▶ Exercise instructions: At the line with "Evocando l’atmosfera rilassata", start transcribing; stop after the last line of the data below. Keep it exact and leave pictures out.

▶ Items from a data source:
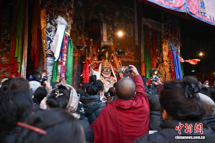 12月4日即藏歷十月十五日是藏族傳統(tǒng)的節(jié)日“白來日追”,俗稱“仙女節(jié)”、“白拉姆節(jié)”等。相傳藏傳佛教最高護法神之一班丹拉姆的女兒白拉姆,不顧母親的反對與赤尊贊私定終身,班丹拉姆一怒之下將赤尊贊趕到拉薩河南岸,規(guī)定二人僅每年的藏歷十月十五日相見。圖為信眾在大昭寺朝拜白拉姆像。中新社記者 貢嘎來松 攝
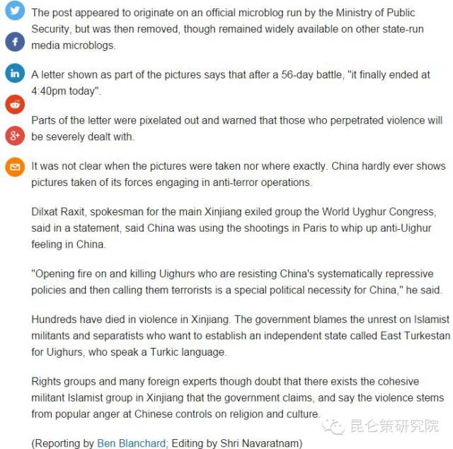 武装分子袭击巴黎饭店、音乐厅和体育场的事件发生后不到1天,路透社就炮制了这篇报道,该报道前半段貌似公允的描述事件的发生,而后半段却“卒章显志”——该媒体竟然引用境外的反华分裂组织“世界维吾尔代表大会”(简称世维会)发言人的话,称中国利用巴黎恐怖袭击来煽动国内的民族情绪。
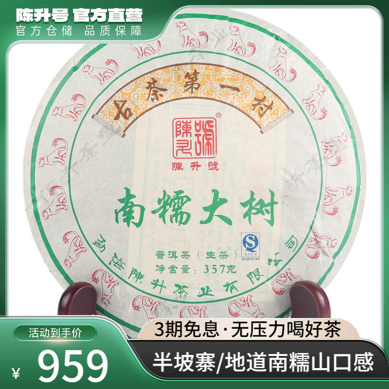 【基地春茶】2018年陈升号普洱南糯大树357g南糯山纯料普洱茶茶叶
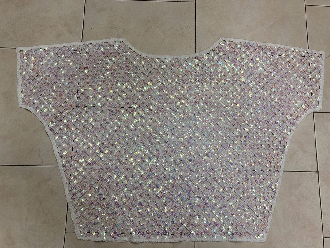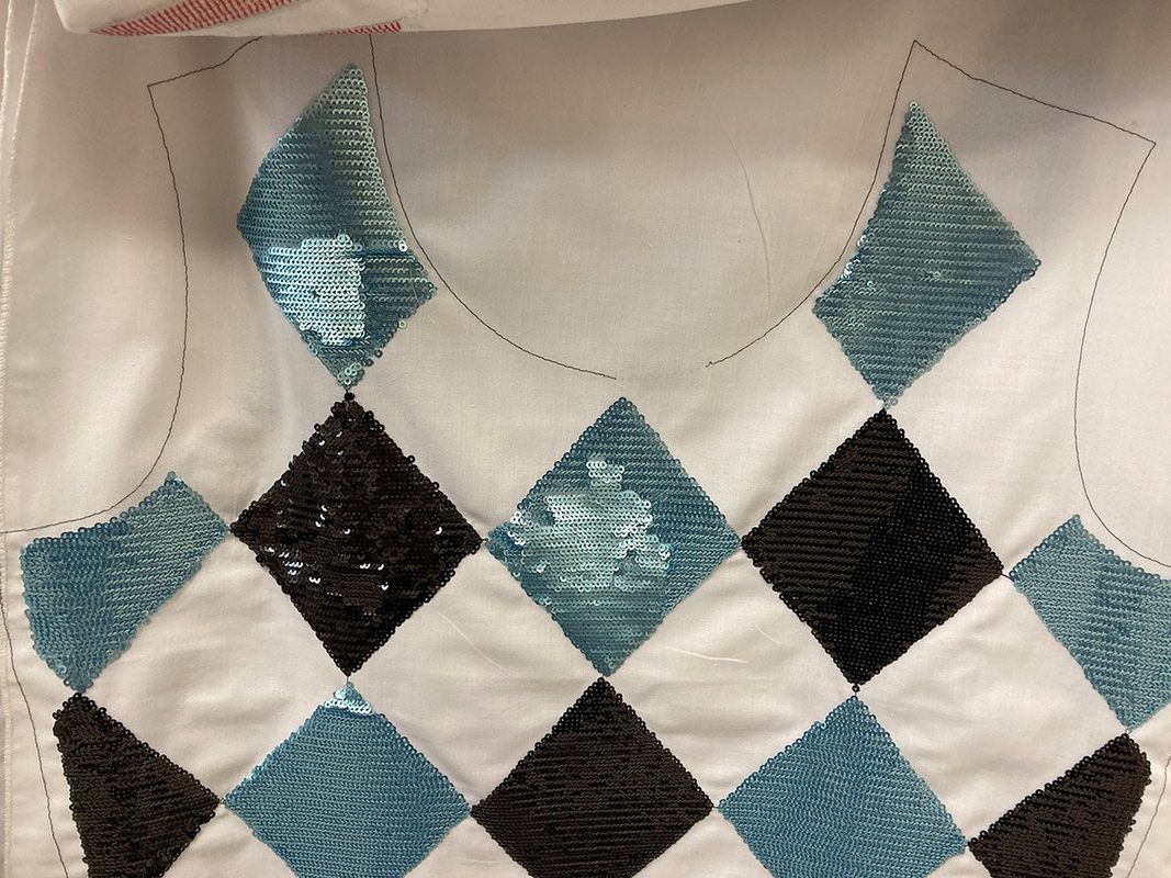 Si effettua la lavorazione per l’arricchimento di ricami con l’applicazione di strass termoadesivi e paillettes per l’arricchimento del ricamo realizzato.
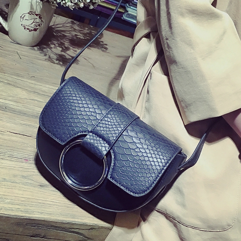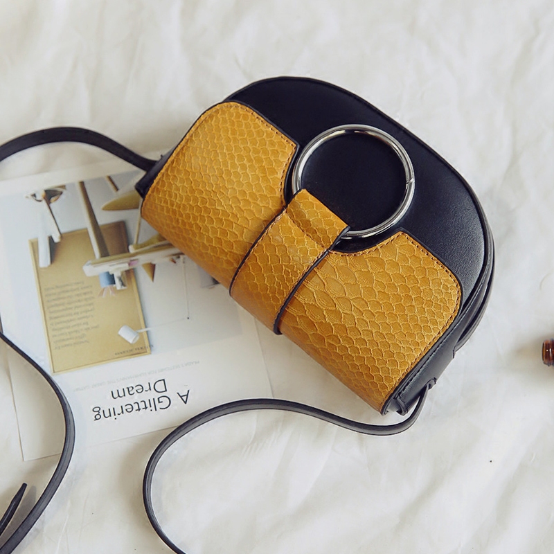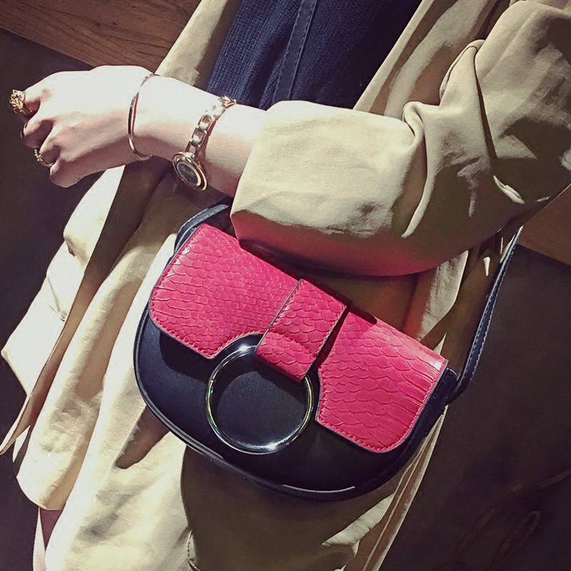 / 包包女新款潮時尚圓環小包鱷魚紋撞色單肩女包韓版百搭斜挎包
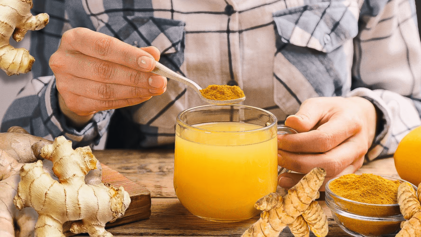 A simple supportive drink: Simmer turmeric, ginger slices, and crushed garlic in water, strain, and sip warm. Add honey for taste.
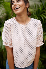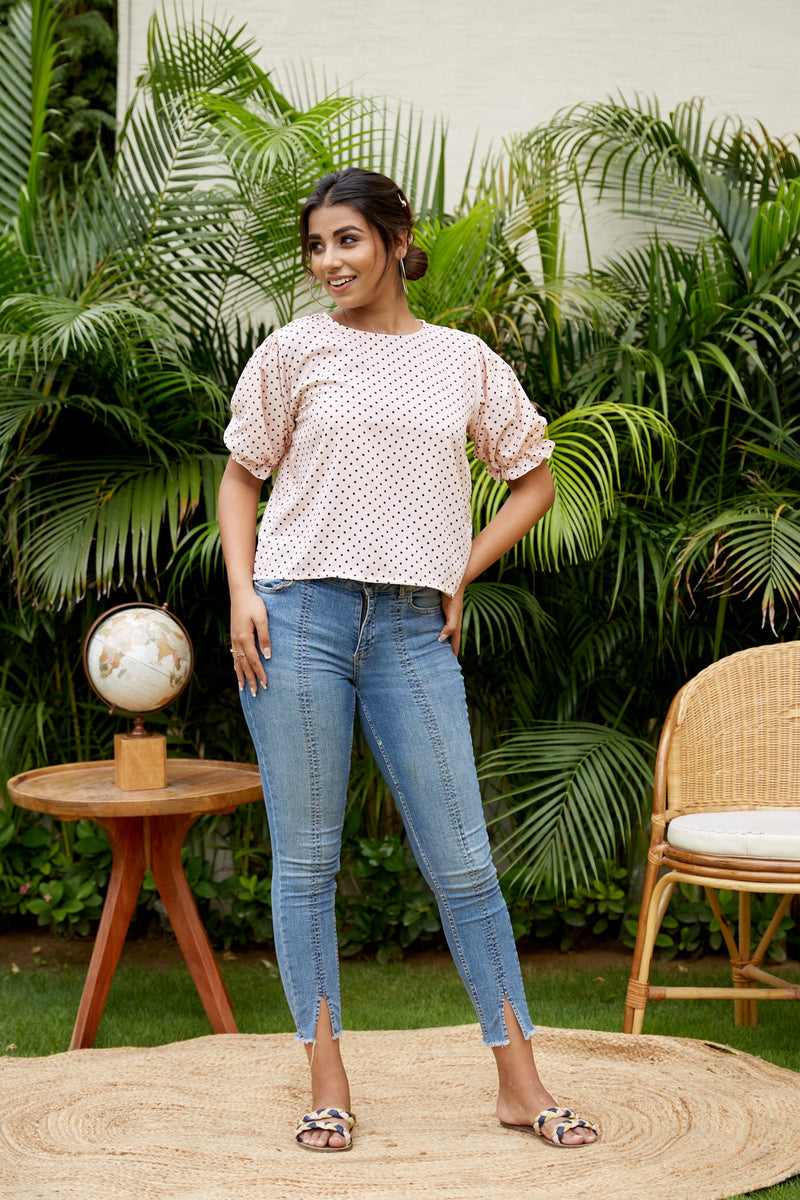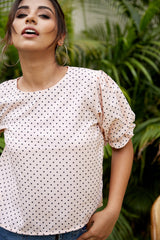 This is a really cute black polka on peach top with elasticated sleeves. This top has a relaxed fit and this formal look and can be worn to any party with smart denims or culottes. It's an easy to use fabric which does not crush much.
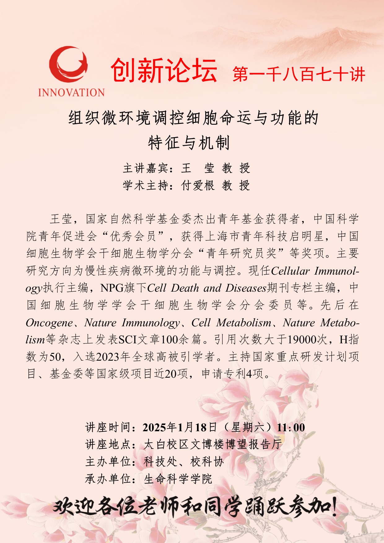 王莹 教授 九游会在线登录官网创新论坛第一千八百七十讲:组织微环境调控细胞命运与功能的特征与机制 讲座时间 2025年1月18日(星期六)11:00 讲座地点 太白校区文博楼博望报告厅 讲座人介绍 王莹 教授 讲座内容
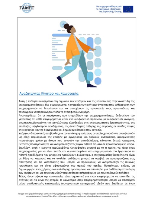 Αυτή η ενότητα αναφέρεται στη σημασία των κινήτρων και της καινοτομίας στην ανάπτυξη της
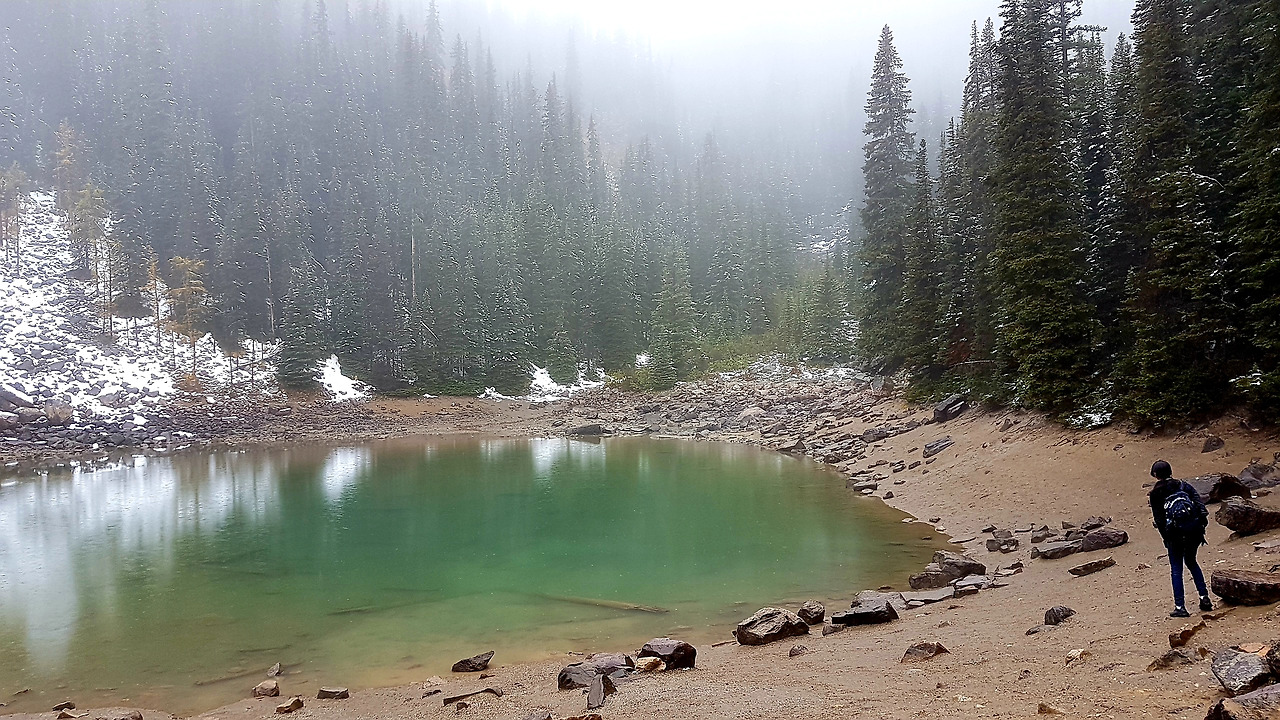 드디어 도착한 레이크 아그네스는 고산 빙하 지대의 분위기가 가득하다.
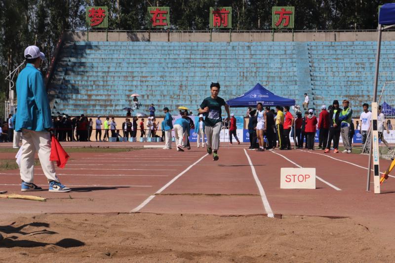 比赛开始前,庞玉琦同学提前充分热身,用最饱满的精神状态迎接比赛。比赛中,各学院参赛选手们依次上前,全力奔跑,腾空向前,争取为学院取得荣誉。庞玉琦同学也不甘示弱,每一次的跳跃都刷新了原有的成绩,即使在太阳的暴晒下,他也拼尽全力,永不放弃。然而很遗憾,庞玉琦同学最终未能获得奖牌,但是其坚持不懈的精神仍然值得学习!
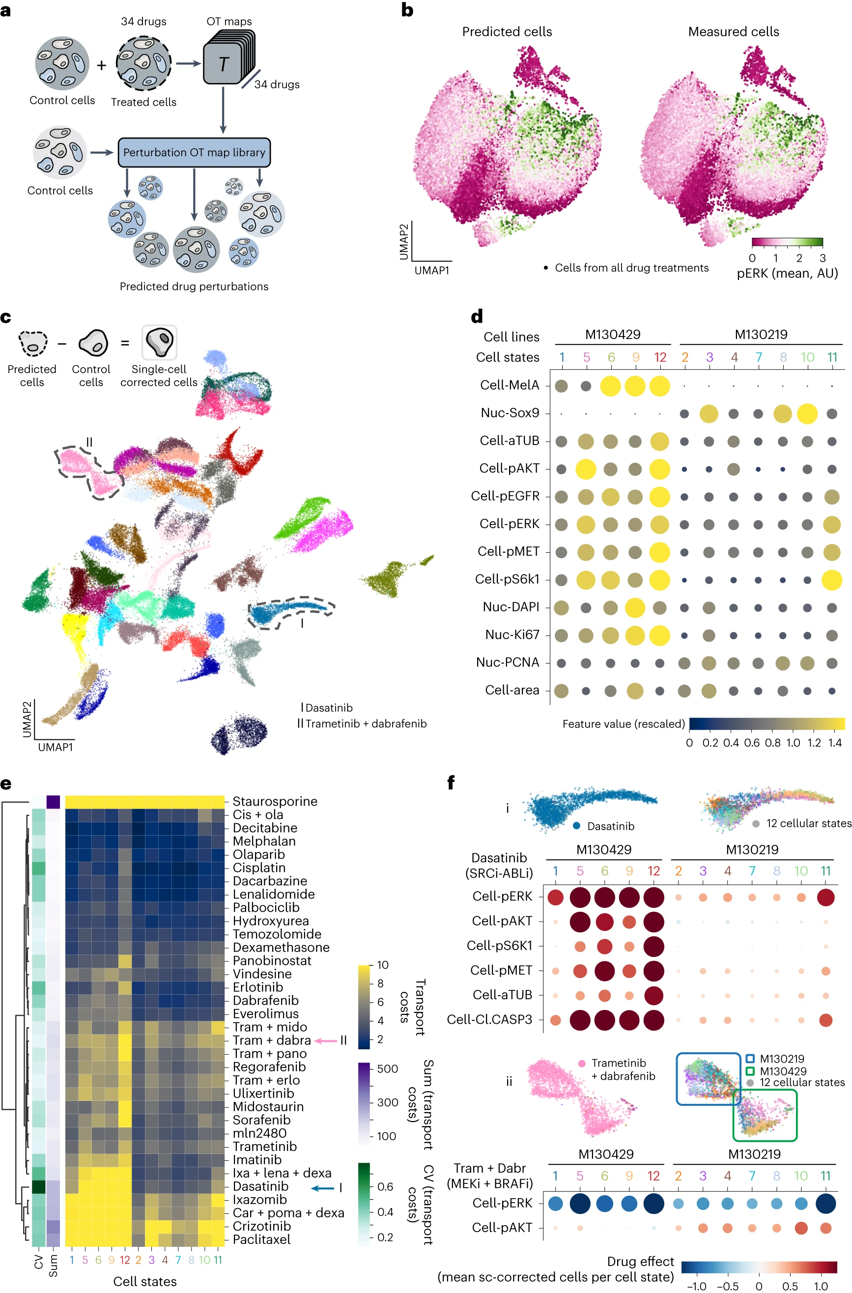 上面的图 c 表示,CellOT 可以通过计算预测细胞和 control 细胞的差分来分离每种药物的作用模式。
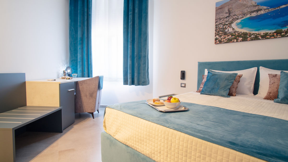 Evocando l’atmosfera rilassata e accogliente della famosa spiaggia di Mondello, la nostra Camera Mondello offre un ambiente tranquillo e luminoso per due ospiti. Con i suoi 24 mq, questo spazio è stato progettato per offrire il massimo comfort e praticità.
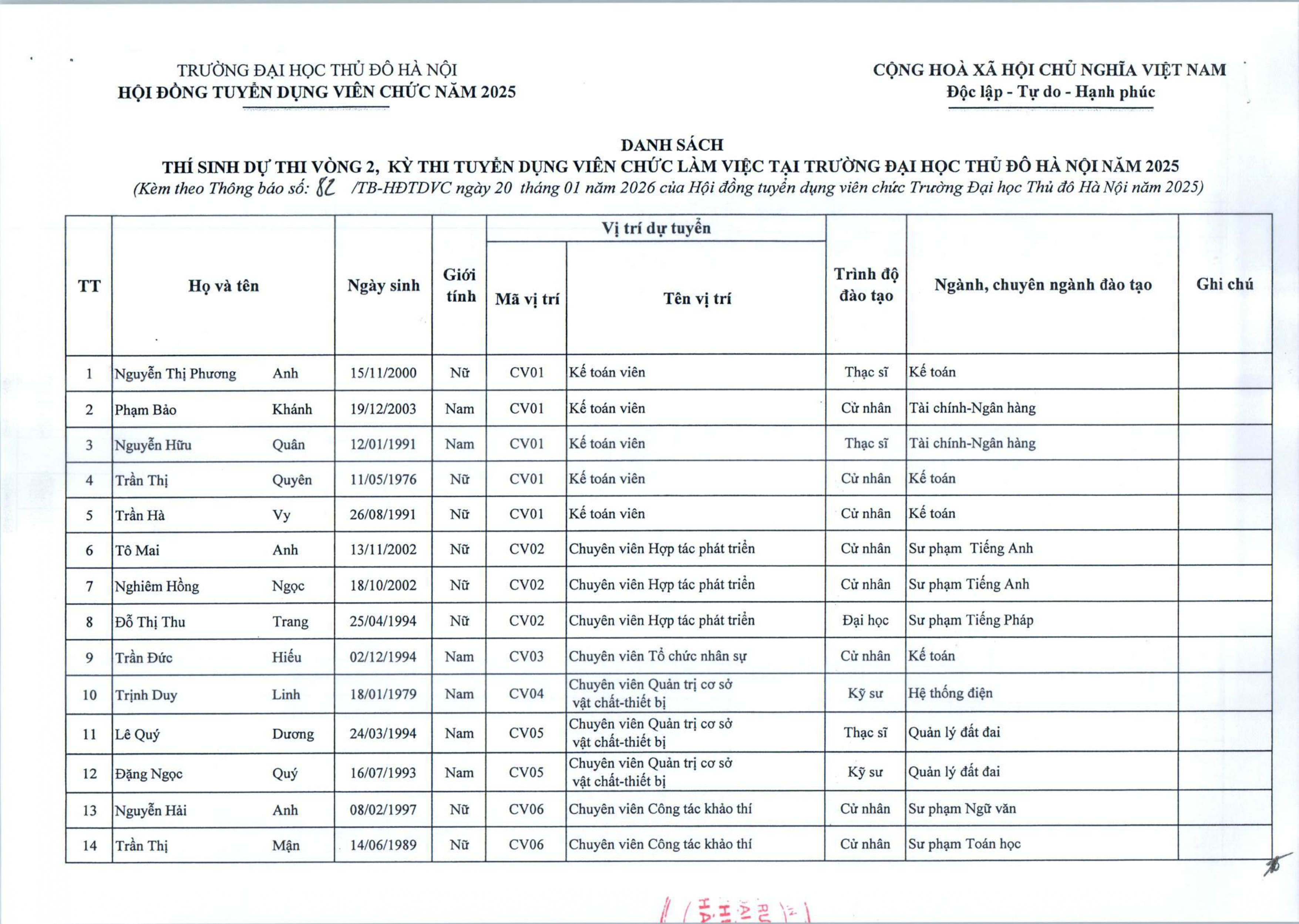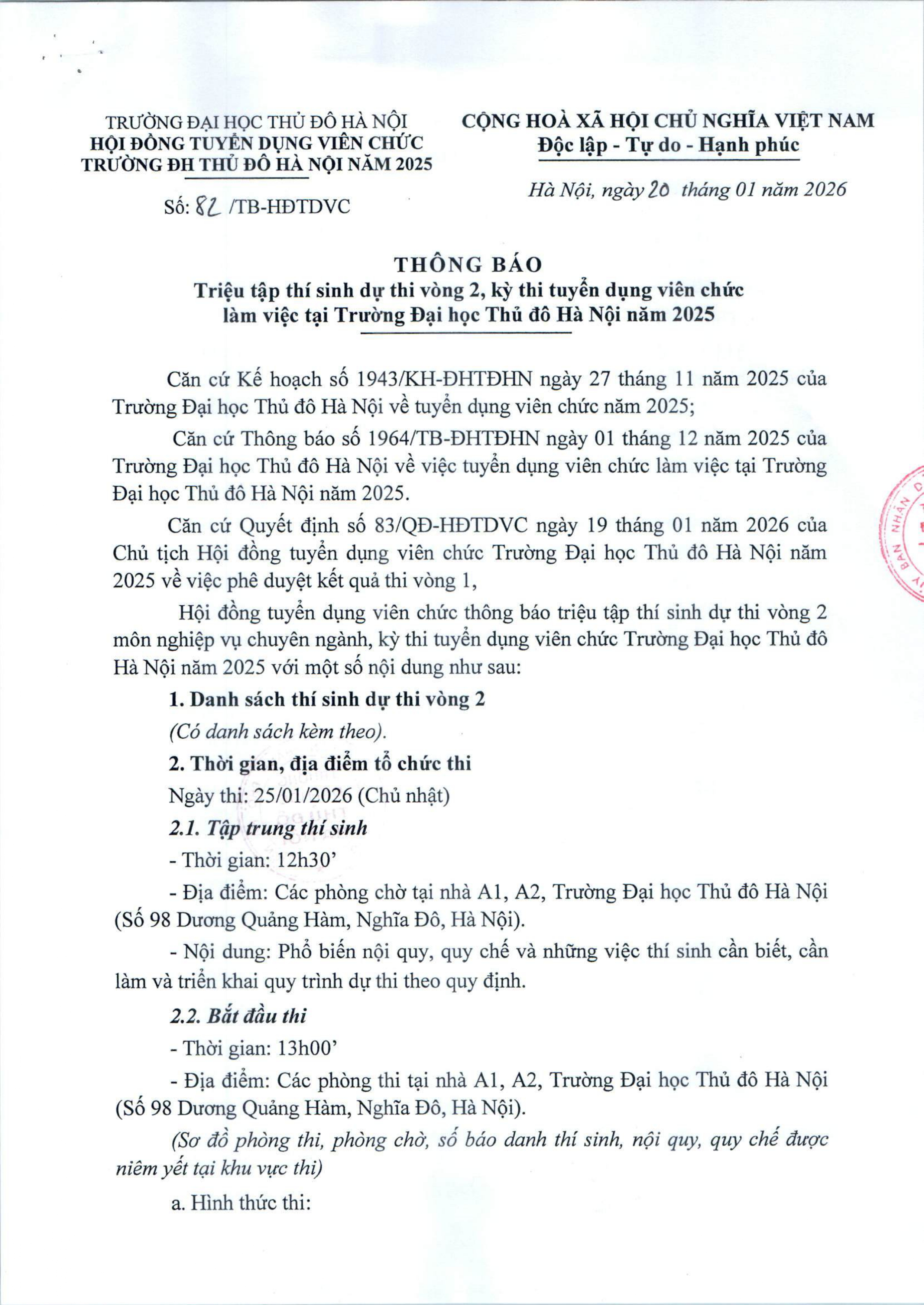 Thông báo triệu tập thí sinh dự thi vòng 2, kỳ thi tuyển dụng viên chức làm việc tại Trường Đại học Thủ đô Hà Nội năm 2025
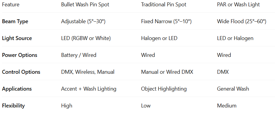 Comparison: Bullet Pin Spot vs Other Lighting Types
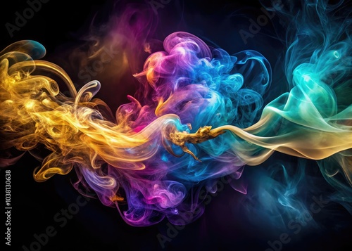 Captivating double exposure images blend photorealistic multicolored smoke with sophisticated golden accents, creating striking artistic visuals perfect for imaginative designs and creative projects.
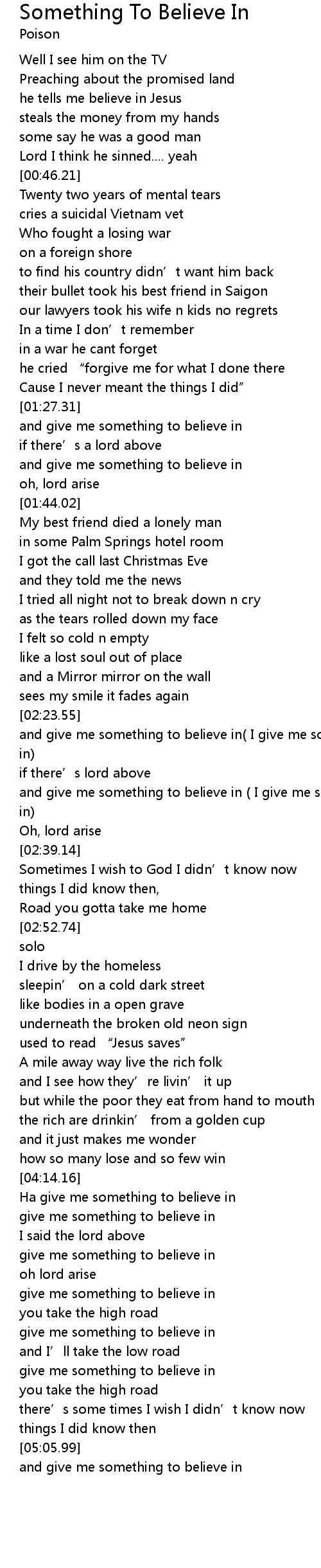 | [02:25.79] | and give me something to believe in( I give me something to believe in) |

▶ Output of the exercise:
 Evocando l’atmosfera rilassata e accogliente della famosa spiaggia di Mondello, la nostra Camera Mondello offre un ambiente tranquillo e luminoso per due ospiti. Con i suoi 24 mq, questo spazio è stato progettato per offrire il massimo comfort e praticità.
 Thông báo triệu tập thí sinh dự thi vòng 2, kỳ thi tuyển dụng viên chức làm việc tại Trường Đại học Thủ đô Hà Nội năm 2025
 Comparison: Bullet Pin Spot vs Other Lighting Types
 Captivating double exposure images blend photorealistic multicolored smoke with sophisticated golden accents, creating striking artistic visuals perfect for imaginative designs and creative projects.
 | [02:25.79] | and give me something to believe in( I give me something to believe in) |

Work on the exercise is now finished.